Work to be completed:
Copy out and return the lines from the one holding "Twee gepruikte heren" to the end of the listing below, both included, omitting the pictures.

Raw data:
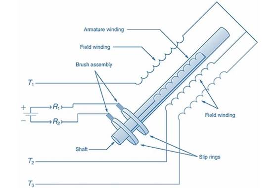 同步電機(如圖 5 所示)具有三相定子、繞線轉子、滑環(huán)和電刷。然而,與繞線轉子感應電機的三個繞組相比,轉子具有單個繞組。轉子還包含類似于鼠籠式電機轉子的短路棒。同步電機引線對于定子連接標記為 T1、T2 和 T3,對于轉子連接標記為 R1 和 R2。直流電源為轉子供電。
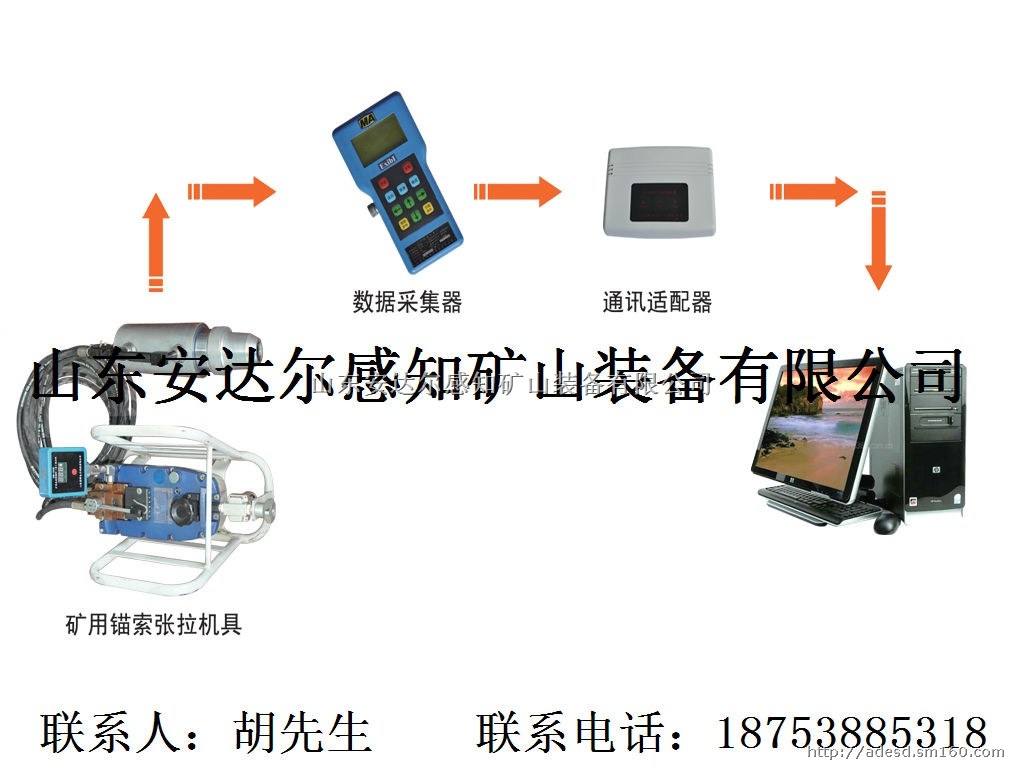 将检测仪固定安装在矿用锚索张拉机具上,在煤矿巷道进行锚索张拉检测时,光控或手动触发显示,检测仪进入正常工作状态后,将动态检测、显示张拉机具的压力和张拉力,并自动记录一次张拉过程中的数据以及数据对应的时间参数,数据通过射频无线数据采集器进行采集,专用数据分析软件对采集数据进行分析。
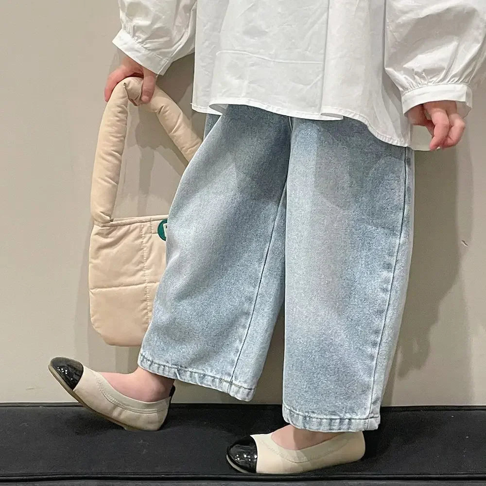 2023 wide leg pants jeans elastic waist ankle length loose straight cotton clean solid soft comfortable new korean children girl
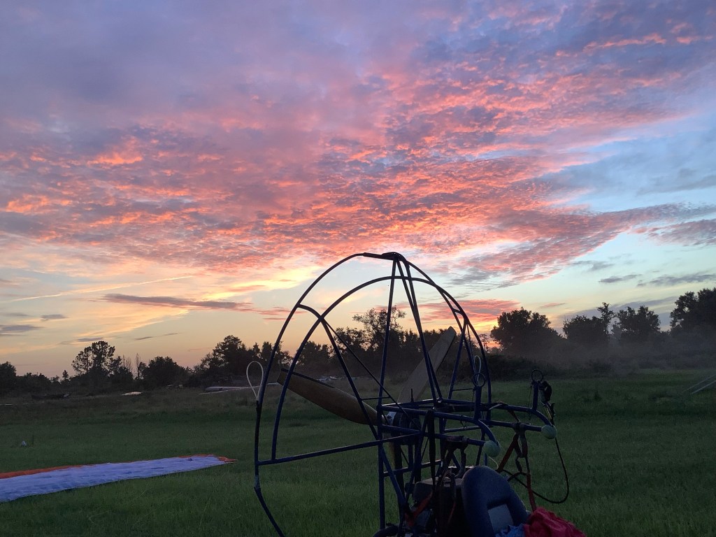 At 4:45 the alarm went off. I went through the usual rituals and hit the road. Then everything went to hell. We were to meet at the Orlando LZ and I got lost. Nothing looked right. I turned on Orlando and drove right past the LZ. When I realized I missed it I texted Mike and he said they were launching from Yorkshire instead. Yorkshire?, Yorkshire? I knew I’d flown from there recently but I couldn’t for the life of me, remember where it was. I was fishing on the nav app trying to figure it out when I got a text from Mike that they were going back to Orlando. I’d just been there so I pulled a u-turn and after 5 minutes of driving around and once pulling within 500 feet of the gang and turning around again, we finally hooked up. Luckily we planned the meet a little early and it was still nautical twilight.
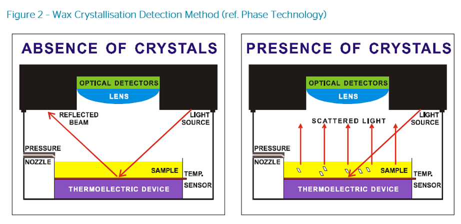The operating principle of the instrument is an optical light scattering technique which detects phase changes of crude oil with high levels of sensitivity and accuracy. The presence of wax crystals is detected in the fuel by measuring the scattering of a light source as in the diagram below. Since it is an instrumental technique the measurement is not subjective. The phase change detected is the temperature at which a crude oil sample first precipitates solid wax as it is being cooled, which is termed WAT. Similarly, the Wax Disappearance Temper (WDT) is the temperature at which the last wax solids are melted into liquid when the oil is warmed.
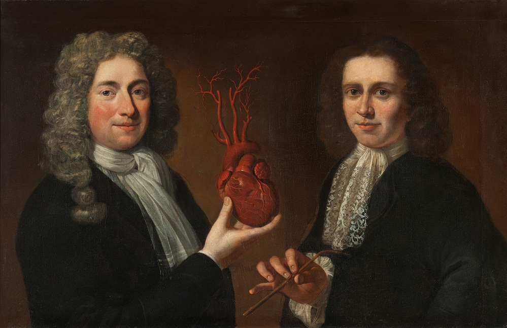 Twee gepruikte heren tot het middel afgebeeld. De linker houdt een opgespoten hart in de hand, de rechter een medisch instrument.
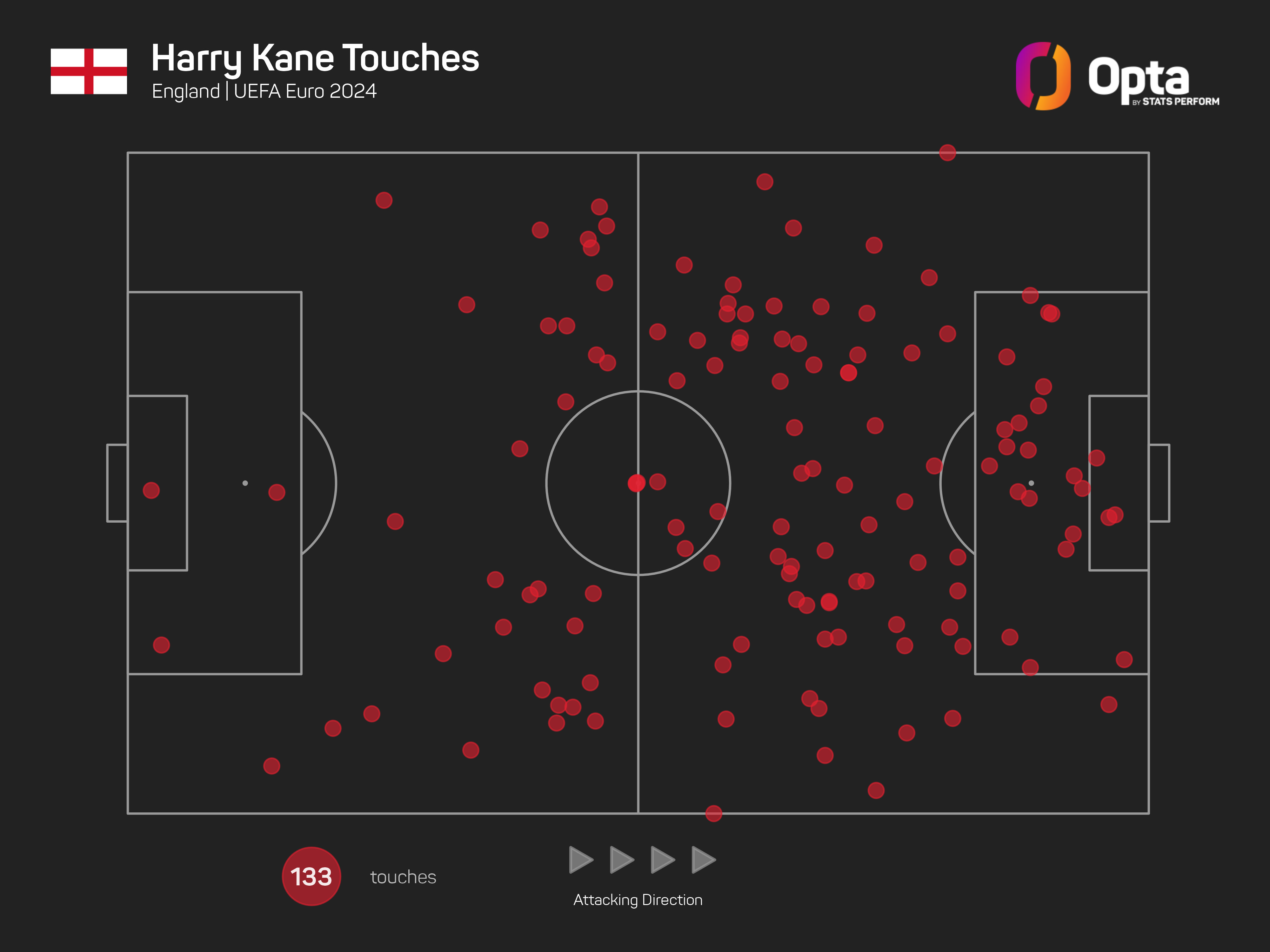 Kane had five touches in Switzerland's box before Saturday's penalty shoot-out win in Dusseldorf, a tally bettered by Bukayo Saka (eight) and Jude Bellingham (10).
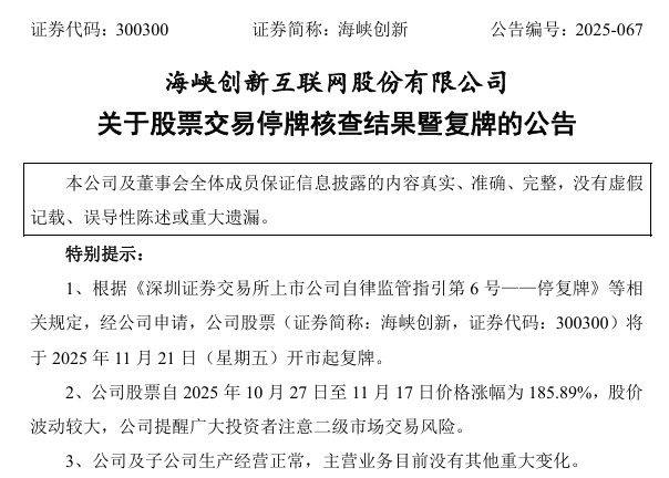 海峡创新(300300)11月20日晚间公告,此前,公司就股票交易波动情况进行了停牌核查。鉴于相关自查工作已完成,根据《深圳证券交易所上市公司自律监管指引第6号——停复牌》等相关规定,经公司申请,公司股票(证券简称:海峡创新,证券代码:300300)将于2025年11月21日(星期五)开市起复牌。
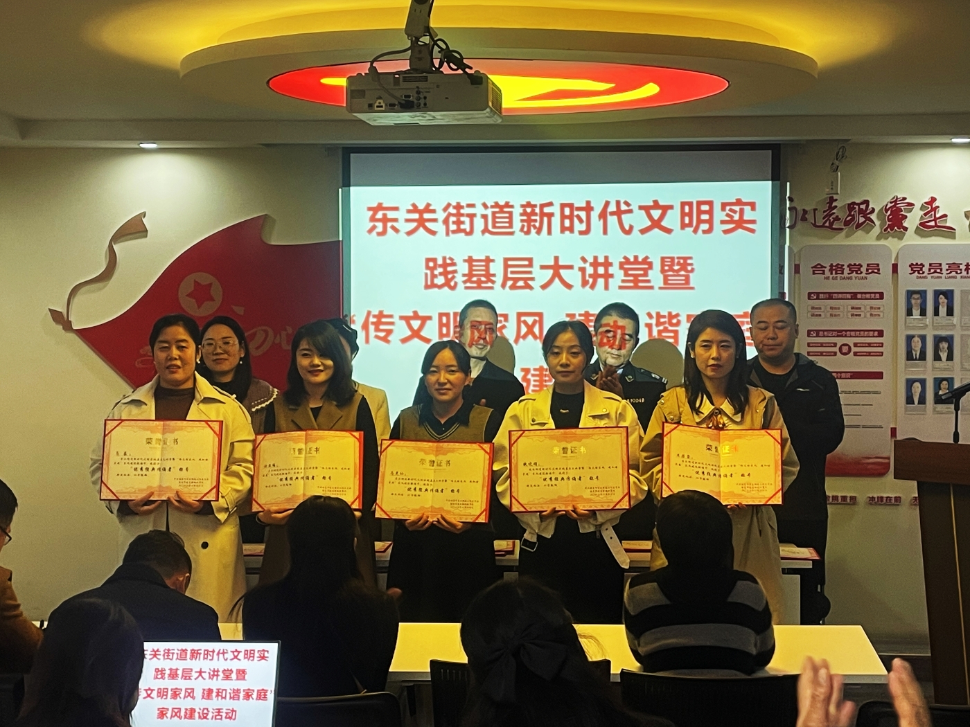活动最后,与会领导为辖区“最美家庭”代表和优秀经典朗诵者颁发了荣誉证书进行表彰。
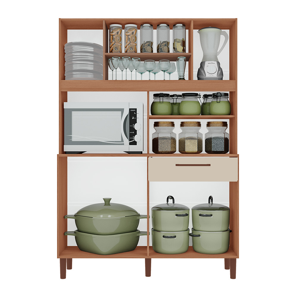 Apresentamos o Armário de Cozinha Icaraí! O Armário Icaraí é funcional e elegante, destacando-se pelos puxadores na cor cobre que conferem um toque sofisticado. Possui uma excelente divisão interna, facilitando a organização. A pintura touch oferece um acabamento moderno e resistente. As corrediças telescópicas garantem suavidade na abertura e fechamento das gavetas, enquanto os pés em PVC asseguram durabilidade. Com 7 portas, é ideal para quem busca praticidade e estilo. Imagem Ambientada Meramente Ilustrativa, Itens de Decoração e demais Produtos não fazem parte da Oferta.
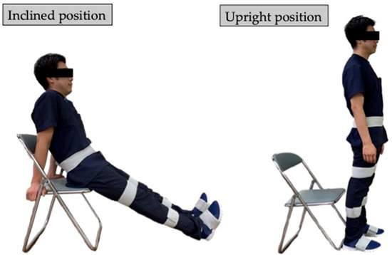 Subject positions for sensor calibration. Sensor calibration was computed from measurements in the inclined and upright positions.

Task solution:
 Twee gepruikte heren tot het middel afgebeeld. De linker houdt een opgespoten hart in de hand, de rechter een medisch instrument.
 Kane had five touches in Switzerland's box before Saturday's penalty shoot-out win in Dusseldorf, a tally bettered by Bukayo Saka (eight) and Jude Bellingham (10).
 海峡创新(300300)11月20日晚间公告,此前,公司就股票交易波动情况进行了停牌核查。鉴于相关自查工作已完成,根据《深圳证券交易所上市公司自律监管指引第6号——停复牌》等相关规定,经公司申请,公司股票(证券简称:海峡创新,证券代码:300300)将于2025年11月21日(星期五)开市起复牌。
活动最后,与会领导为辖区“最美家庭”代表和优秀经典朗诵者颁发了荣誉证书进行表彰。
 Apresentamos o Armário de Cozinha Icaraí! O Armário Icaraí é funcional e elegante, destacando-se pelos puxadores na cor cobre que conferem um toque sofisticado. Possui uma excelente divisão interna, facilitando a organização. A pintura touch oferece um acabamento moderno e resistente. As corrediças telescópicas garantem suavidade na abertura e fechamento das gavetas, enquanto os pés em PVC asseguram durabilidade. Com 7 portas, é ideal para quem busca praticidade e estilo. Imagem Ambientada Meramente Ilustrativa, Itens de Decoração e demais Produtos não fazem parte da Oferta.
 Subject positions for sensor calibration. Sensor calibration was computed from measurements in the inclined and upright positions.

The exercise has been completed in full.